Smash Franchise Partners, LLC, 2023 WL 5899953, at *1.
(8) The Court of Chancery's decisions also implicitly address whether McLaren was entitled to attorney's fees. The July Opinion found that, although the defendants were the prevailing party on Smash's DUTSA claim because Smash dropped the claim on the eve of trial, Perri (one of the remaining defendants) did not "show that the claim fits under one of the enumerated circumstances warranting an award of attorney['s] fees" under 6 Del. C. § 2004. McLaren does not convincingly explain how the Court of Chancery's finding that Smash did not pursue an objectively specious DUTSA claim would apply any differently to his fee application. The Judgment also states that Dumpster Devil, another remaining defendant, was not entitled to attorney's fees under DUTSA.
Smash Franchise Partners, LLC, 2023 WL 4560984, at *30; see also id. ("Perri failed to prove that Smash pursued an objectively specious claim. He therefore cannot recover his fees and expenses under DUTSA.").
Smash Franchise Partners, LLC, 2023 WL 5899953, at *1 ("Final judgment is entered in favor of [Smash] and against defendant Dumpster Devil with respect to Dumpster Devil's request for attorney's fees under [DUTSA].").
(9) Moreover, in the July Opinion, the Court of Chancery instructed the parties to submit a joint letter to the court if there were any outstanding issues to be addressed to bring the matter to a conclusion. The parties did not do so. At oral argument before this Court, McLaren's counsel conceded that he did not inform the trial court that McLaren's fee issue remained outstanding. In sum, the Court of Chancery sufficiently and correctly ruled that McLaren was not entitled to attorney's fees under DUTSA.
Smash Franchise Partners, LLC, 2023 WL 4560984, at *31 ("If there are other issues that need to be addressed to bring this matter to a conclusion at the trial level, then the parties will submit a joint letter identifying those issues and proposing a schedule for addressing them.").
Delaware Supreme Court, Oral Argument Video, Vimeo, at 8:32-9:47 (May 8, 2024) https://vimeo.com/943333738.

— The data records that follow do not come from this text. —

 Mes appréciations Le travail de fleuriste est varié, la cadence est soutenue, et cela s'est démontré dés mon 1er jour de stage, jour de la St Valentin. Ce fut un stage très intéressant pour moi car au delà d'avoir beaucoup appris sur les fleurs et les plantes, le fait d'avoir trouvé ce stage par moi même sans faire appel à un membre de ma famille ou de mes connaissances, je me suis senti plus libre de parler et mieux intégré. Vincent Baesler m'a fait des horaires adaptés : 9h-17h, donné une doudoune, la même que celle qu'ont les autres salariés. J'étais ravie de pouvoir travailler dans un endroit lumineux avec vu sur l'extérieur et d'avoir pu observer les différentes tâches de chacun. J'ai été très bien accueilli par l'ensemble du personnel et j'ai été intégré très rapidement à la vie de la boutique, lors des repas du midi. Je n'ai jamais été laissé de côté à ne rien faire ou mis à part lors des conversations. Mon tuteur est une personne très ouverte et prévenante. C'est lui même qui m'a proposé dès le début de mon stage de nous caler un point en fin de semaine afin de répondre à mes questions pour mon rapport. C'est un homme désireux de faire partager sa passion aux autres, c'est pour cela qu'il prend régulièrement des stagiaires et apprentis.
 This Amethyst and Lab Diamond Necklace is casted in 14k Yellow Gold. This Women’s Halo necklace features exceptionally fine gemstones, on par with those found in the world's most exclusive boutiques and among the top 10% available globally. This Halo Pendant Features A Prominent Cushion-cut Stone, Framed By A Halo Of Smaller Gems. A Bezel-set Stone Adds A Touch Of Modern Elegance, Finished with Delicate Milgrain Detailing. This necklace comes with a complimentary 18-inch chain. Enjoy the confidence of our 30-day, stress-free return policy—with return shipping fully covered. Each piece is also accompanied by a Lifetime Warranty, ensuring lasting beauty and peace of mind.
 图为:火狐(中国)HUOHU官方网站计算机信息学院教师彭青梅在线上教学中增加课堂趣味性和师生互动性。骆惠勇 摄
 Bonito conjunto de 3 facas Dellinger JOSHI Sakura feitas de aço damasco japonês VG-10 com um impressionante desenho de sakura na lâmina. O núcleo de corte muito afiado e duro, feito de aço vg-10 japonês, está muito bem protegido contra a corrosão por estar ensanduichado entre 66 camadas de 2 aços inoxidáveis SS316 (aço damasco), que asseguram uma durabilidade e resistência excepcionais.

(10) Separately, we find that McLaren's arguments as to the Discovery Ruling to be without merit. The Court of Chancery did not abuse its discretion as its decision was based on conscience and reason, as opposed to capriciousness or arbitrariness. The court properly applied SmithKline Beecham Pharms. Co. v. Merck & Co. in holding that Smash adequately disclosed information about trade secrets in its interrogatory responses, and the record reflects that the trial judge properly exercised his discretion in determining that fee shifting was justified. We see no reason to disturb the court's ruling.

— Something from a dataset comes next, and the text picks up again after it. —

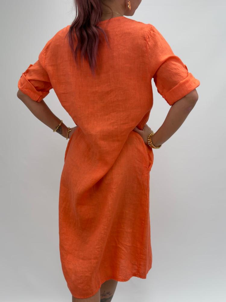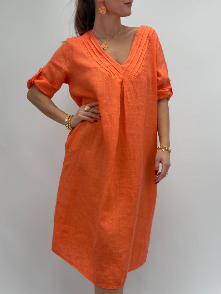Mångsidig linneklänning med rejäl vidd, i trendigt orange. Sydda dekorativa veck i v-halsen och knappslå på ärmen - vilket gör det möjligt att ha ärmen antingen uppvikt eller fäst med knapp. Fickor i sidan är ett stort plus!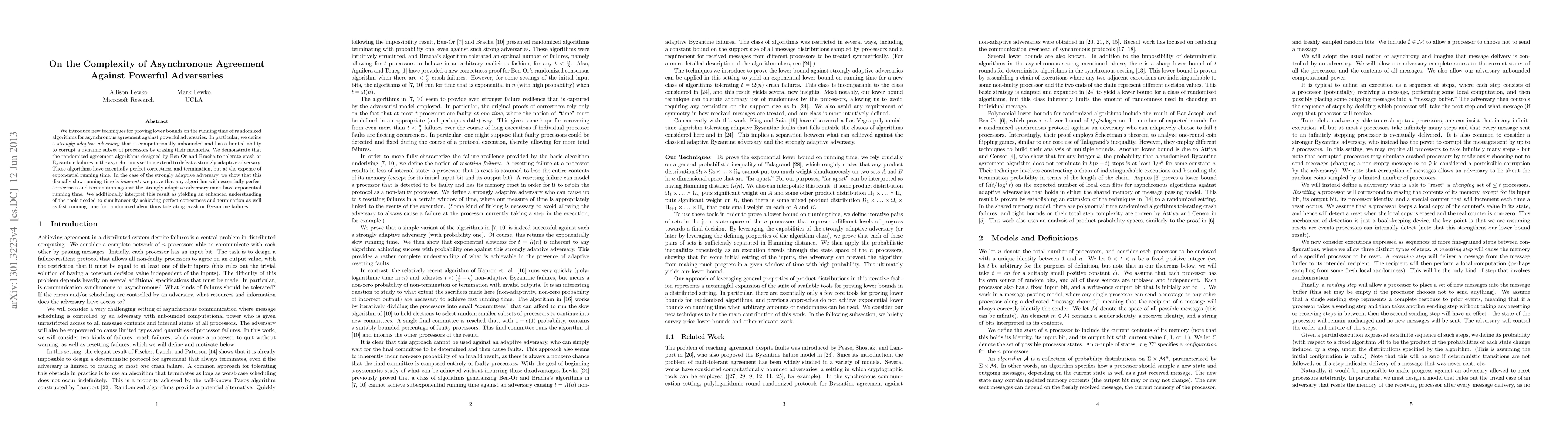 We introduce new techniques for proving lower bounds on the running time of randomized algorithms for asynchronous agreement against powerful adversaries. In particular, we define a \emph{strongly adaptive adversary} that is computationally unbounded and has a limited ability to corrupt a dynamic subset of processors by erasing their memories. We demonstrate that the randomized agreement algorithms designed by Ben-Or and Bracha to tolerate crash or Byzantine failures in the asynchronous setting extend to defeat a strongly adaptive adversary. These algorithms have essentially perfect correctness and termination, but at the expense of exponential running time. In the case of the strongly adaptive adversary, we show that this dismally slow running time is \emph{inherent}: we prove that any algorithm with essentially perfect correctness and termination against the strongly adaptive adversary must have exponential running time. We additionally interpret this result as yielding an enhanced understanding of the tools needed to simultaneously achieving perfect correctness and termination as well as fast running time for randomized algorithms tolerating crash or Byzantine failures.

Coleman, 902 A.2d at 1106.
766 A.2d 442, 447-48 (Del. 2000).
See Smash Franchise Partners, LLC v. Kanda Holdings, Inc., C. A. No. 2020-0302-JTL, at 1112 (Del. Ch. June 12, 2020) (TRANSCRIPT) ("I'm denying the motion for protective order. There are multiple reasons for it. I think the disclosure in the interrogatory responses is, in fact, sufficient under SmithKline Beecham....The motion for protective order also strikes me as more tactical than warranted.... Any concern about confidential information is fully addressed by the confidentiality agreement, and so I view the motion for protective order as unfounded."); id. at 5859 ("In terms of fees and expenses, in my view, the positions taken on the motion for protective order and the motion to compel were not substantially justified. Indeed, when looking at them as a whole, . . . it demonstrates to me that what's actually going on here is a lack of good faith. So I am shifting all expenses for both the motion to compel and the protective order pursuant to Rule 37.").
NOW, THEREFORE, IT IS ORDERED that the Court of Chancery's Judgment and Discovery Ruling are AFFIRMED.